* Work to complete *
Find the line containing "Obraz premium Pink" in the listing below; reproduce it and every line after, exactly. Skip pictures.

* Exercise data *
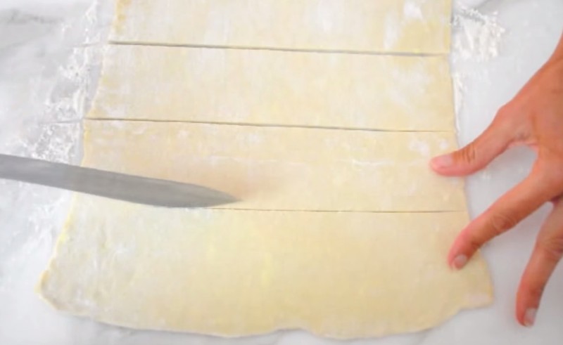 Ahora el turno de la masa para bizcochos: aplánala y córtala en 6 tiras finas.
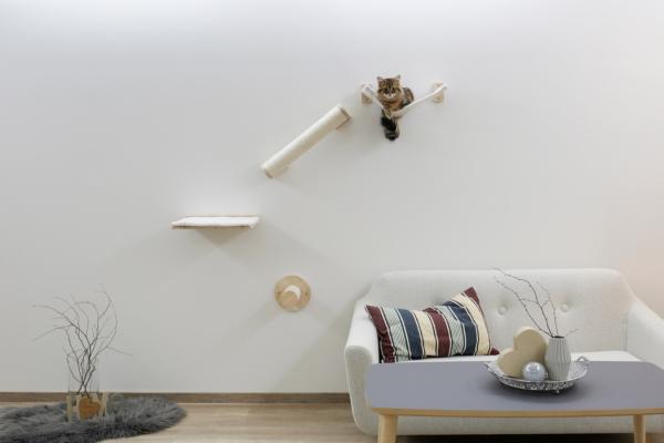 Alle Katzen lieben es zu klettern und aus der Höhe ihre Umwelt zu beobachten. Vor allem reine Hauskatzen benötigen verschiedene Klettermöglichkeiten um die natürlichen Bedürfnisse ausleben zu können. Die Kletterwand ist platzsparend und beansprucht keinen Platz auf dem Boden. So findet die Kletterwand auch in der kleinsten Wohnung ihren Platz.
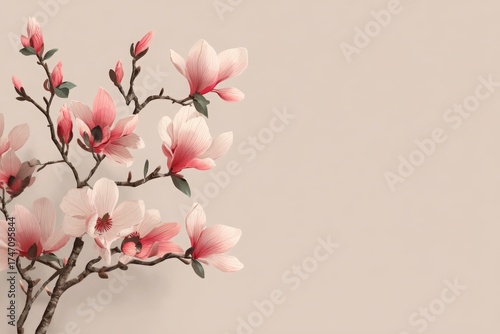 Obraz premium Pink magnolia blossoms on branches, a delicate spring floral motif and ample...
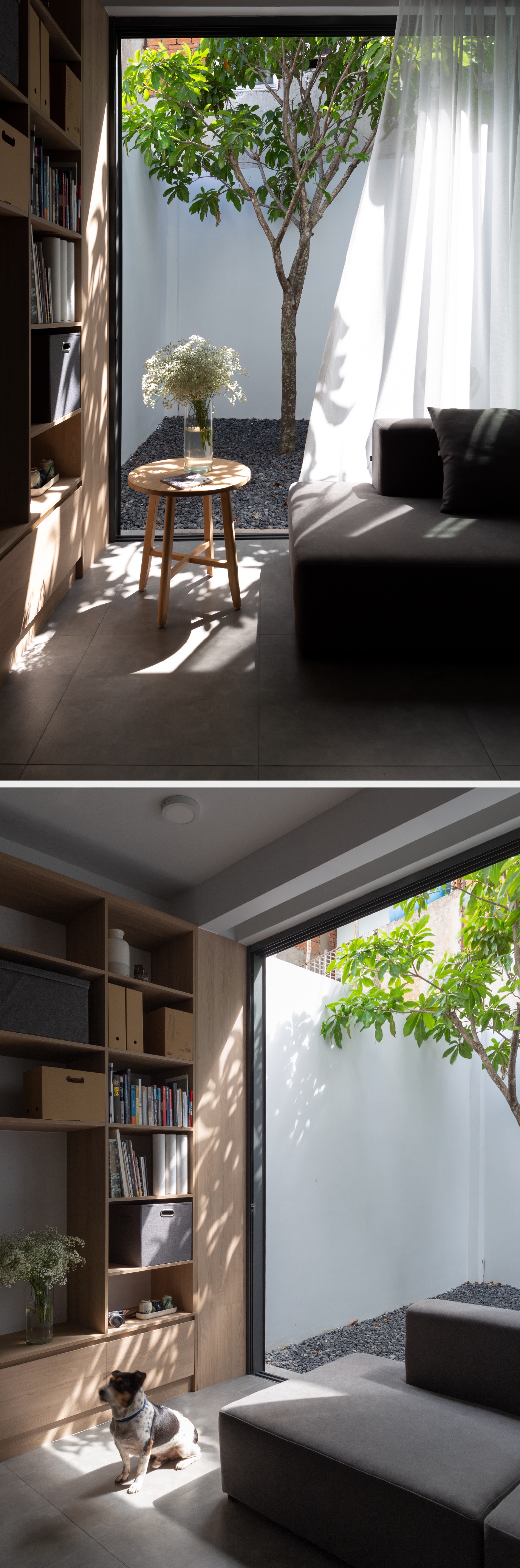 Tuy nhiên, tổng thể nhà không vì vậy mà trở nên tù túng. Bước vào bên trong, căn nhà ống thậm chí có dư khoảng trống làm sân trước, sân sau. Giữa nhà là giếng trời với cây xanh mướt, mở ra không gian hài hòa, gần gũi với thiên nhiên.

* Output of the exercise *
 Obraz premium Pink magnolia blossoms on branches, a delicate spring floral motif and ample...
 Tuy nhiên, tổng thể nhà không vì vậy mà trở nên tù túng. Bước vào bên trong, căn nhà ống thậm chí có dư khoảng trống làm sân trước, sân sau. Giữa nhà là giếng trời với cây xanh mướt, mở ra không gian hài hòa, gần gũi với thiên nhiên.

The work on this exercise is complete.